Re: How is my CFRunLoopTimer getting called during a CFReadStream client callback?
Re: How is my CFRunLoopTimer getting called during a CFReadStream client callback?
- Subject: Re: How is my CFRunLoopTimer getting called during a CFReadStream client callback?
- From: Kyle Sluder <email@hidden>
- Date: Sun, 05 Jan 2014 16:47:17 -0800
On Jan 5, 2014, at 4:37 PM, Jim O'Connor <email@hidden> wrote:
>
> When my read stream finishes I schedule a timer to clean up on the runloop to serialize access to shared resources.
> However, I had a hang late last night because a mutex grabbed in the read stream callback handler was held and was also being grabbed when the timer it scheduled to clean up fired INSIDE the callback.
> It was late and I didn't save the odd message in the Xcode stack crawl about the timer being called OUTSIDE of the runloop. And now I can't get it to repeat.
>
> I was under the impression that timers only fired when the RunLoop was actually the top of the execution stack, or was called explicitly by me. Is this not right?
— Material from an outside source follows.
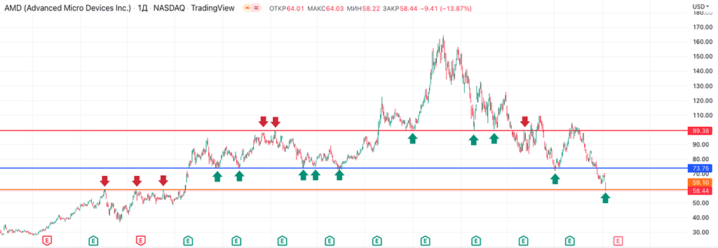 Выше вы видите график AMD, легко заметить уровни на которые реагировала цена.
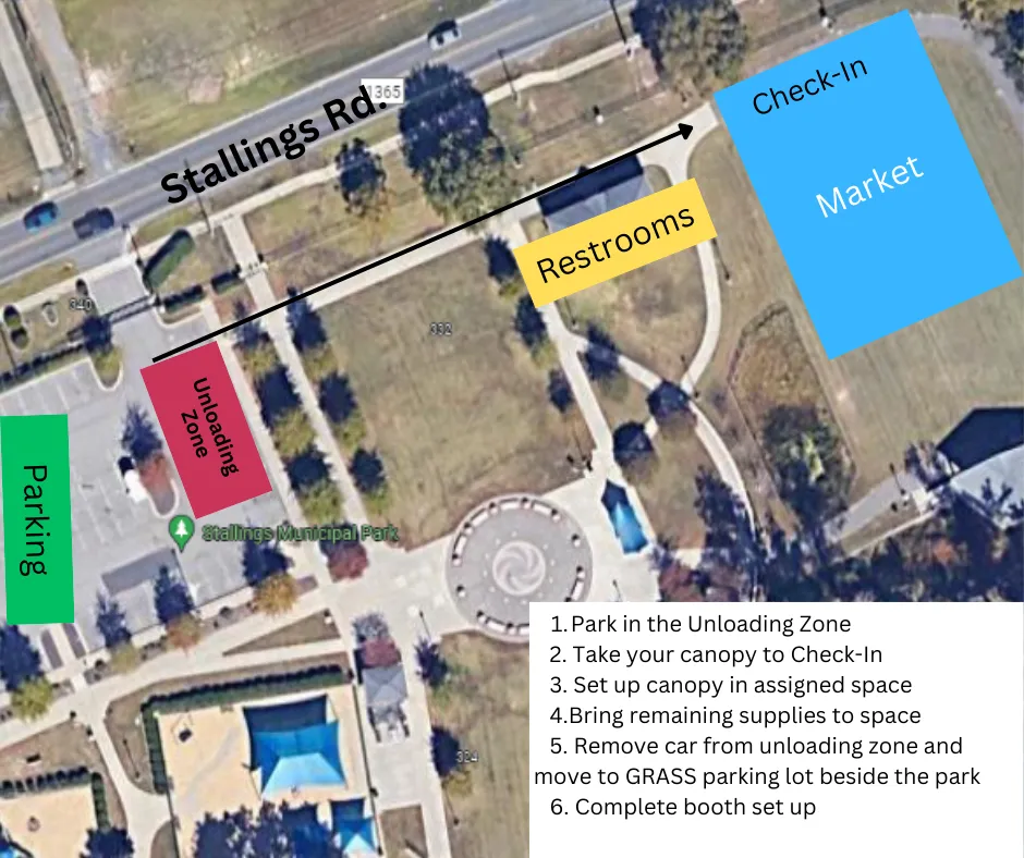 - Only one car per family is allowed to park in the GRASS parking lot adjacent to Stallings Park. Additional cars will need to park in area parking.

Well, barring a memory smasher, CFReadStream isn’t going to directly invoke your timer callback function.
But your use of “top of the execution stack” seems a little off to me. It’s possible to manually run a runloop from a deeper stack frame; this is often done by APIs which present a callback interface but need to use asynchrony internally.
The run loop doesn’t care that it’s being run from code that itself is being indirectly called as a result of a turn of the same run loop, so it will fire its timers just like normal.